Seville (EFE).- José Antonio Casanueva, grandfather of Marta del Castillo, the young Sevillian murdered in January 2009, has assured that the actions of the judges who have handled the case are “killing while alive” a family that this Friday He has remembered her along with her neighbors and that she continues to demand justice more than a decade later.
In an act held a few days after the 14th anniversary of the crime this Monday, Marta del Castillo’s grandfather wanted to present his thoughts “with the clarity he deserves” about a case in which he assures that there could be “a black hand” that can extend beyond the courts.
In them, his last request to investigate the mobile phones not only of the victim and his murderer, Miguel Carcaño, but also those of his brother, Francisco Javier Delgado, and his girlfriend, María García Mendaro, have recently been denied; of his friend Samuel Benítez and of the young Francisco Javier García, which has meant a new judicial setback for a piece that, according to the Public Ministry, “will remain open until the discovery of the body.”
Justice for Marta del Castillo
He has also regretted another file, the second, of the actions taken against Francisco Javier Delgado, brother of Miguel Carcaño, after the accusations in which he was attributed to being the main and true author of the crime.
Crime of which only Miguel Carcaño was found guilty, sentenced to twenty years in prison for murder, since the rest of the defendants ended up acquitted for lack of evidence.

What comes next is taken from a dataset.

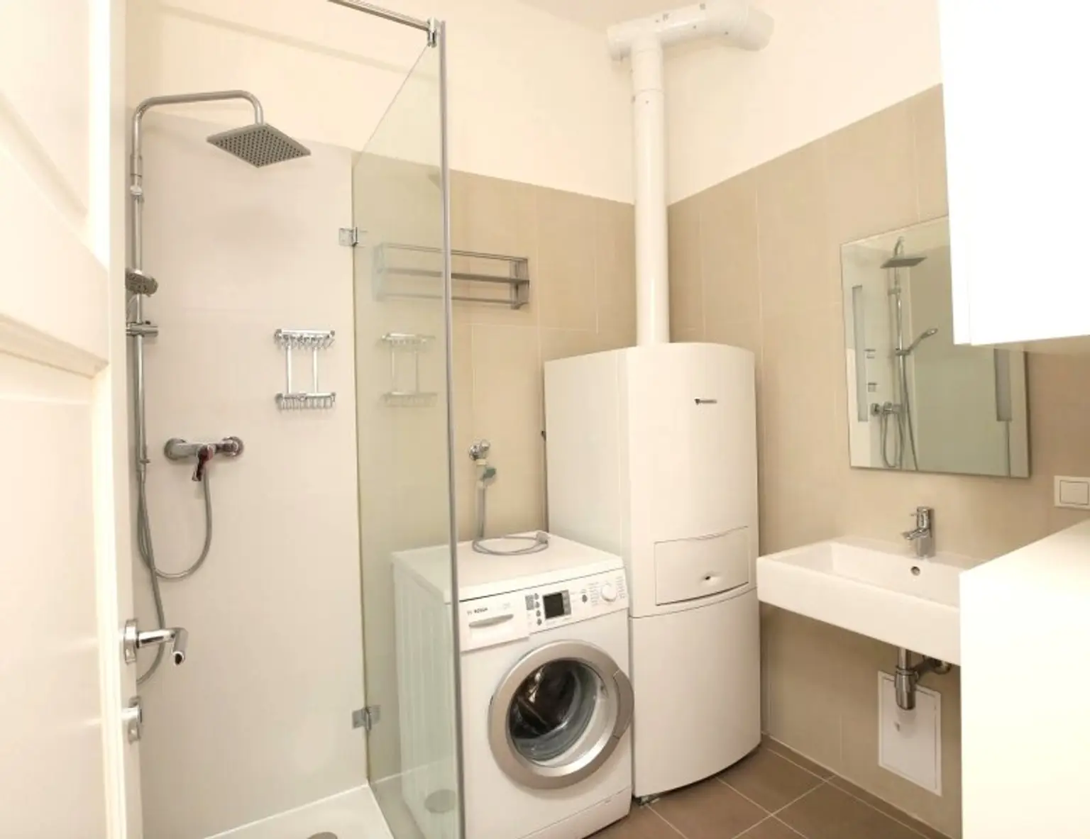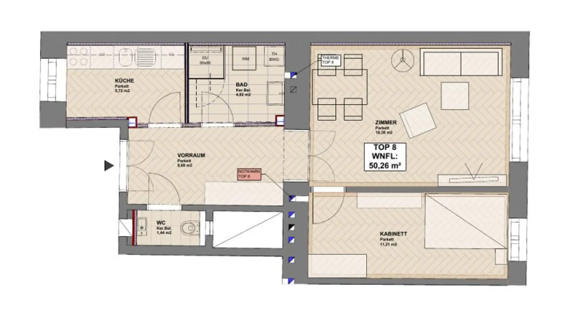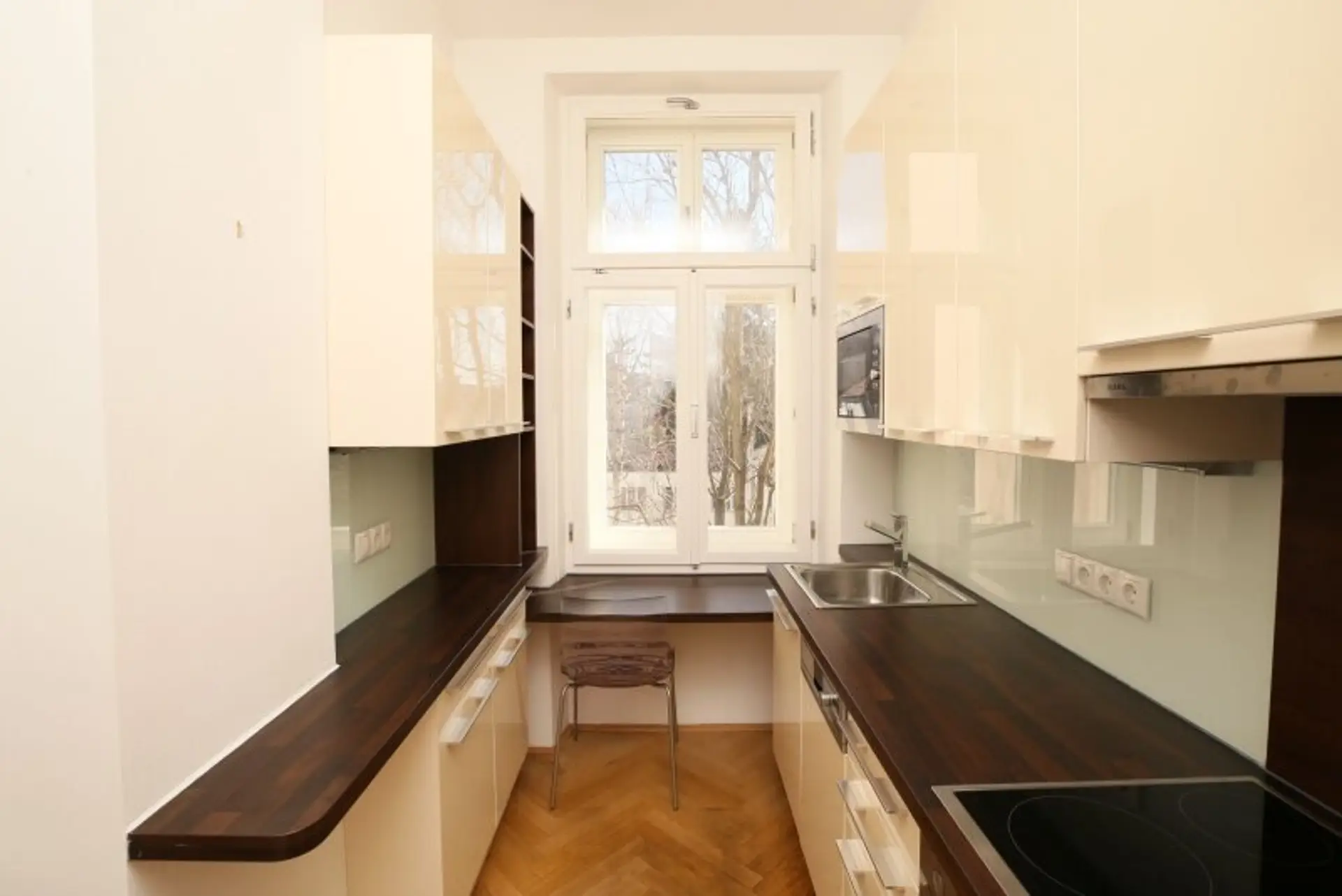 Die Wohnung und das Haus wurden in den Jahren 2012/2013 generalsaniert. Erwähnenswert ist, dass trotz Komplettsanierung der Altbaucharakter der Wohnung erhalten geblieben ist, und zwar durch die Doppelflügeltüre vom Vorraum ins Wohnzimmer und den innenliegenden Holzkastenfenstern.

In the statement, read by his friend José Luis Reina, the grandfather has asked the prosecutor’s office and judges for justice, who are “consenting that the truth is not known” so that it can be clarified where his granddaughter’s body is.

retrial
The repetition of a trial has also been requested in which, according to the grandfather, there has been a certain “obscurantism or neglect of functions” that have hindered the resolution of the case and the appearance of his granddaughter, who could not be said goodbye or her wife, “who left five years ago without being able to bring a bouquet of flowers.”
Casanueva, who at the age of 86 “does not care about everything” and thinks he is living “the last pages of his life calendar”, has assured that he will not stop his fight until God takes him and will focus again on January 24 in the Murillo Gardens in Seville.
There he will remember the fourteen years since the murder of his granddaughter and will continue to ask for justice that “is not unfair, since those who apply it are unfair” and they are “killing while they live” a family that will continue to fight to clarify the facts.